Ollier′s disease, a rare nonhereditary disorder characterized by multiple enchondromas with a predilection for unilateral distribution, was initially described by Ollier in 1899. [3] The characteristic features of the disease are created by persisting cartilage masses in the metaphyses and diaphysis, which are formed by subperiosteal deposition of cartilage. In fact, echondromas tend to occupy the diaphyseal region in the short tubular bones and the metaphyseal region in the long bones. [4]

The pattern of limb involvement is usually asymmetrical, with one side being exclusively or predominantly involved. The disease is usually detected during early childhood. [5] Notable clinical problems are progressive shortening of the involved extremity, angular deformity, pathological fractures, and malignant transformation in 20-50% of cases. [6]

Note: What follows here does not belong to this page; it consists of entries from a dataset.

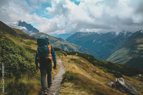 Hiker walking on mountain path enjoying breathtaking valley view, embracing adventure and wanderlust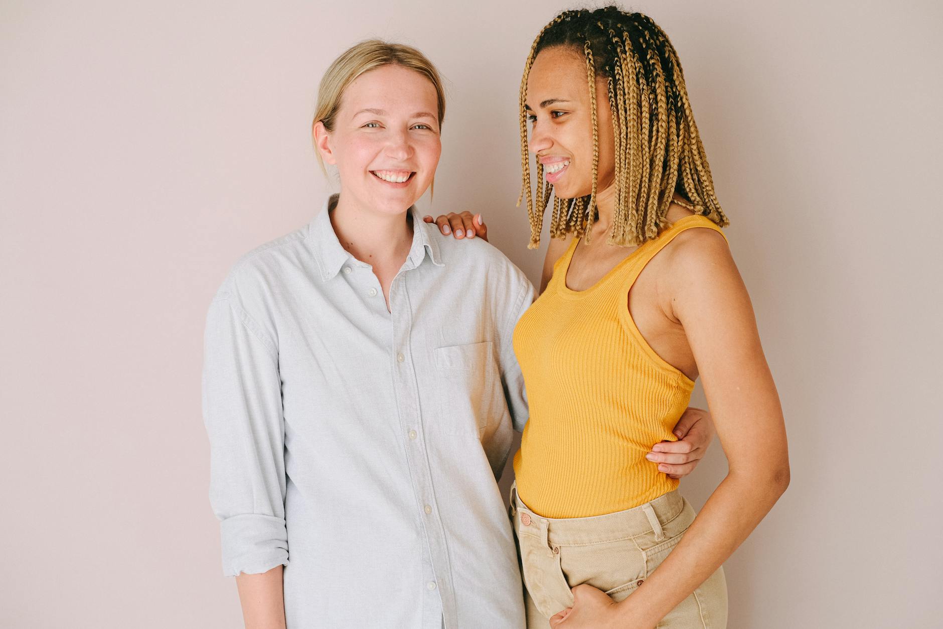 Close-up of an interracial couple holding hands, symbolizing unity and love.
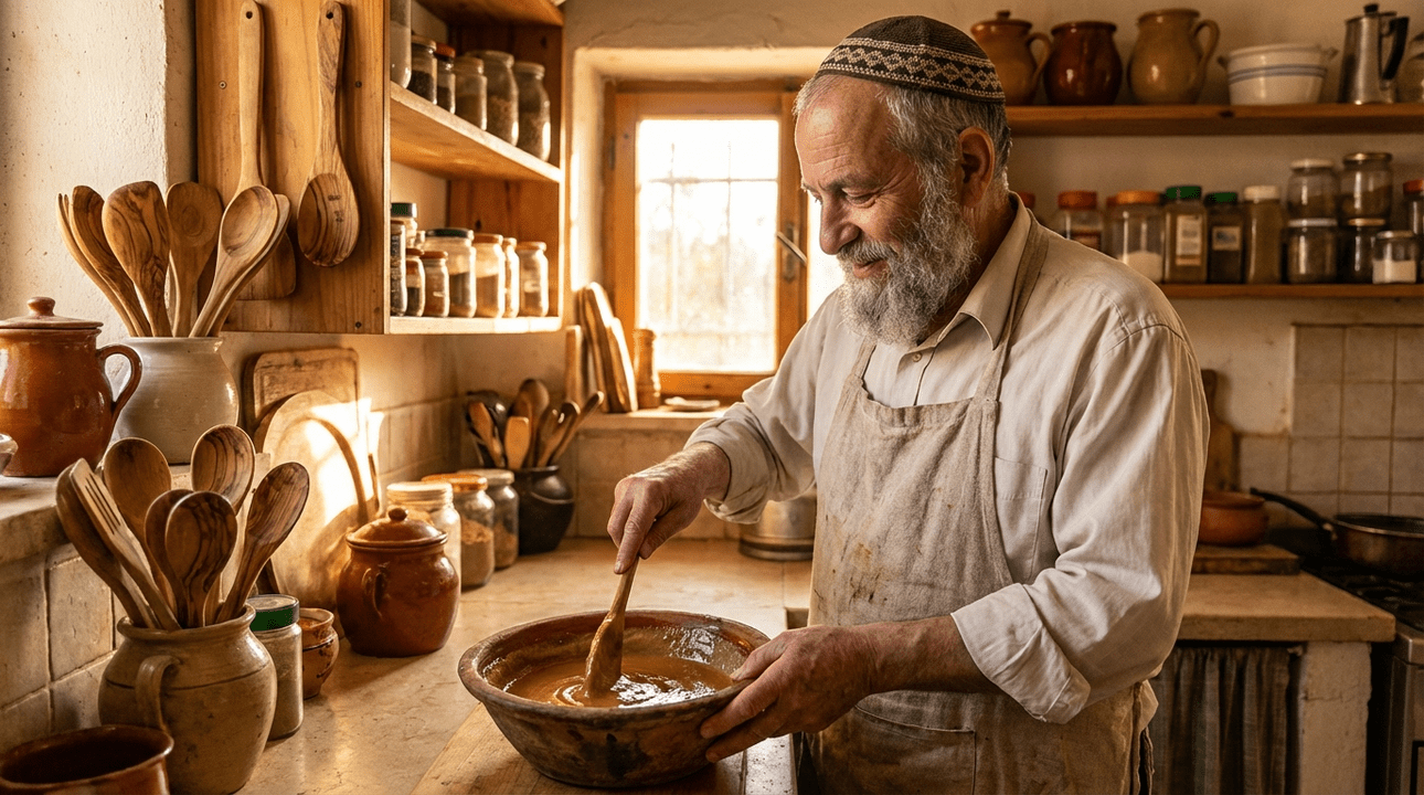 Elderly Jewish man making tahini with honey in rustic kitchen.

The cartilage tumors in enchondromatosis are asymptomatic and are detected as incidental findings. However, the cartilage tumors in enchondromatosis may be numerous and large, producing severe deformities. The radiography features are characteristic, as the unmineralized nodules of the cartilage produce well-circumscribed oval lucencies that are surrounded by a thin rim of radiodense bone (O-ring sign). If the matrix calcifies, it is detected as irregular opacities. [7]

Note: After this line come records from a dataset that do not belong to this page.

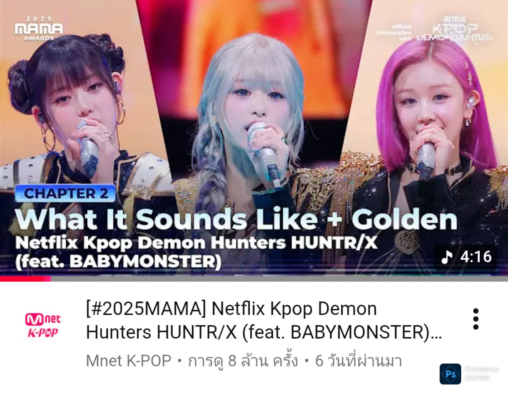 Netflix Kpop Demon Hunters HUNTR/X (feat. BABYMONSTER) มียอดวิว 8 ล้านวิวยังคงมียอดวิวเป็นอันดับ 1 ใน MAMA AWARDS 2025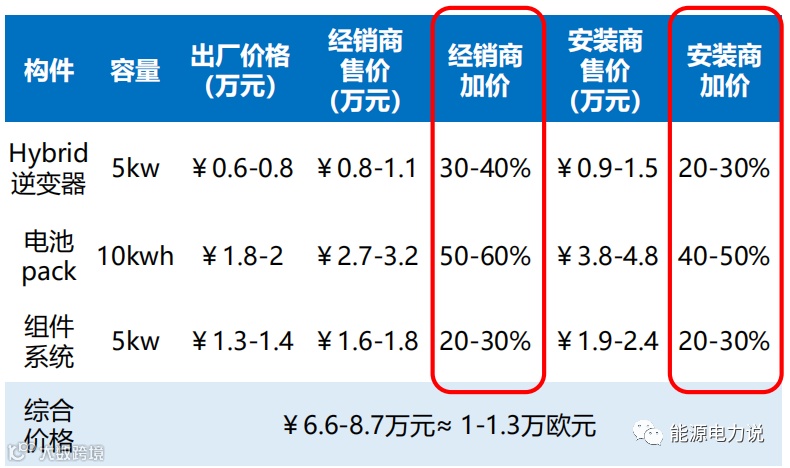 目前国内定价偏低,保证20%-30%毛利,一体机的毛利高于仅出售电池或者逆变器的毛利。海外定价模式下,人工工资及海外差旅费用提高成本,此外还需考虑5%左右的返修/售后费用等。海外销售价格经经销商及安装商分别加价30-50%。
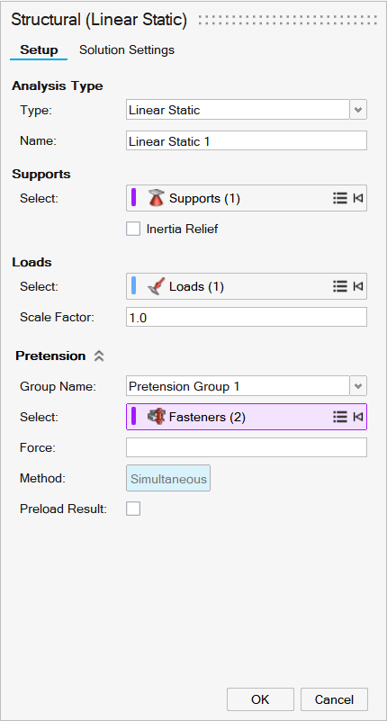 additional results considering only fastener pretension.Note: A linear static load is limited to a single pretension group.

Radionuclide bone scanning is one method used to assess lesions depicted on radiographs or magnetic resonance images that are presumed to be enchondromas. [8] Enchondroma can have high fluorodeoxyglucose and MDP uptake on scintigraphic imaging and occasionally may mimic metastatic lesions in patients being screened for metastatic disease. [9] Furthermore, a bone scan may give a clue to the multifocal nature of the disease. Unilateral increased uptake along with limb length discrepancy, which are distinct features of Ollier disease. [9],[10] It has been emphasized that Ollier′s disease usually stops spontaneously with skeletal maturity; therefore, any lesion showing activity or increased uptake after termination of the growth period requires a thorough examination. [11]

CONCLUSION

Ollier′s disease, a rare nonhereditary disorder characterized by multiple enchondromas with a predilection for unilateral distribution. Radionuclide bone scanning is one method used to assess lesions depicted on radiographs or magnetic resonance images that are presumed to be enchondromas. Furthermore, a bone scan may give a clue to the multifocal nature of the disease.